The events of that night were laid out by the prosecutor in sickening detail. Remy attacked Martel with enough force to kill her many times over. He stabbed her repeatedly, turning on those who tried to save her. When she clung, improbably, to life, he knocked her unconscious and continued to stab her, plunging a knife into her body with two hands. Then, apparently satisfied he had killed her, he shrouded her battered face with his tank top.
When you are guilty of that level of insane violence, you don’t get to say your victim did anything to make it happen. Ever.
Outside the courtroom, Remy’s attorney Ed Ryan said his client had not meant to shift blame, that he was accepting full responsibility. He said Remy was remorseful, but blocked from expressing emotion by his limitations and his depression medication.
We certainly saw plenty of his limitations Tuesday. Remy seemed confused by the judge’s question about whether he really wanted to change his plea. He read his final statement without feeling, except for the part where he upbraided two unidentified people for using Martel to make themselves look better, and scolded critics of his family. More blame-shifting.
In some ways, it’s over now. Lawyers on both sides will move on. So will the crush of media attention. Remy will be in prison until his dying day, and the world is better for that. Watching him shuffle out of the courtroom, you couldn’t help rewinding the tape, longing for it to have happened sooner: Before he came back to the apartment that night; before Martel changed her relationship status to “complicated” on Facebook a little earlier; before he terrorized her two days previous; before they had ever met.

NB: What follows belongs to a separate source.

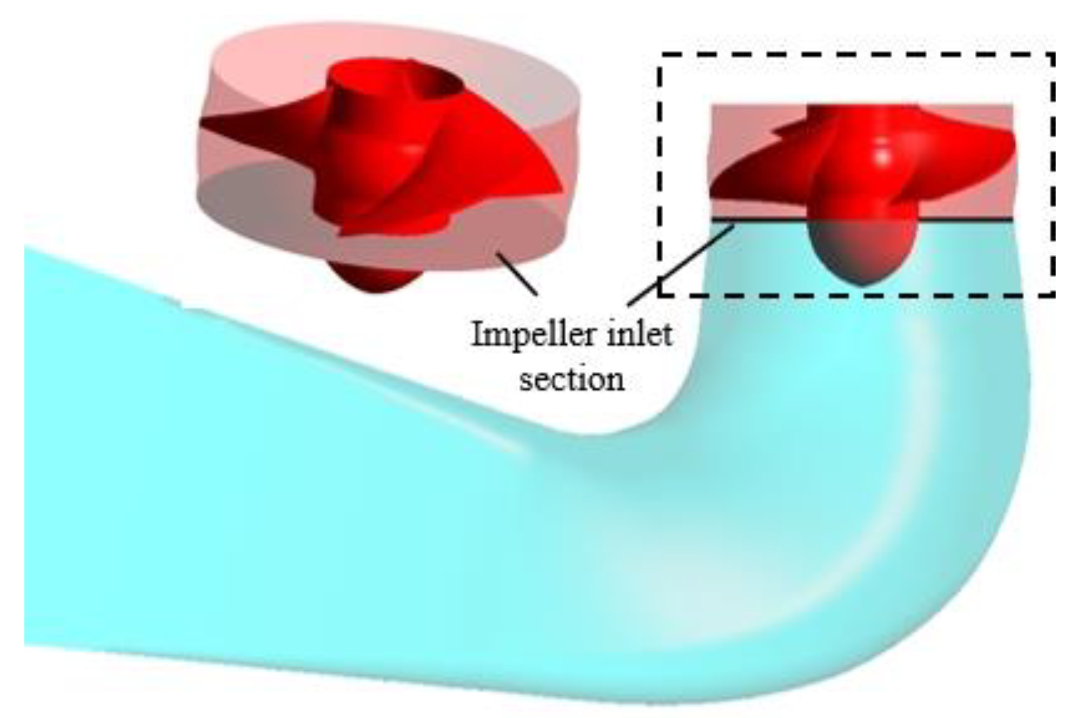 - Yuan, Y.; Fang, Y.; Tang, L. Effects of non-uniform elbow inflow on the unsteady flow and energy development characteristics of a centrifugal pump. Phys. Fluids 2023, 35, 015152. [Google Scholar] [CrossRef]

But for all of the misery he has caused, the brute who pleaded guilty Tuesday, averting a drawn-out trial, has at least spared those who loved Martel a little pain.
Just a little.
The most moving words of the gut-wrenching morning came from Kristina Hill, Martel’s dear friend and neighbor and a witness to her murder. As she spoke, her curly-haired son, not yet 2, slept soundly in his stroller, his body slumped forward, his tiny hands clutching a blue sippy-cup.
Martel was going to be that little boy’s godmother, Hill said.
“I don’t know . . . if I touched her in the same way she touched me . . . but she was my best friend,” Hill said.
She spoke of the doubt and sense of guilt that plagues her every free moment. She wondered whether Jen understood the dire warnings from her loved ones, whether Martel felt alone or was in terrible pain at the end, and whether she had done enough to keep her best friend safe.
“I wonder if she knows I failed her,” Hill said, crying hard.
Dozens of people have surely been asking themselves that question the last nine months: family, friends, police officers, and prosecutors. We’ll never know whether any of them could have saved Martel’s life.
But only one person really controlled her fate, and that was the man who sat in the defendant’s chair Tuesday. Jared Remy can blame steroids or Martel’s threats or any number of mitigating factors. But it was all him.
Those who loved Jennifer Martel should know that. They should know they are as blameless in her murder as Hill’s 14-month-old son, who slept through all of the gruesomeness in the courtroom, waking just as Remy was led away.
And as Hill wheeled him out, the little boy who would have been Jennifer Martel’s godson looked up at his mother, a picture of innocence, his face full of love.
It’s the love we all start with, the love that Jared Remy stole from his daughter, and Jennifer Martel took to her grave.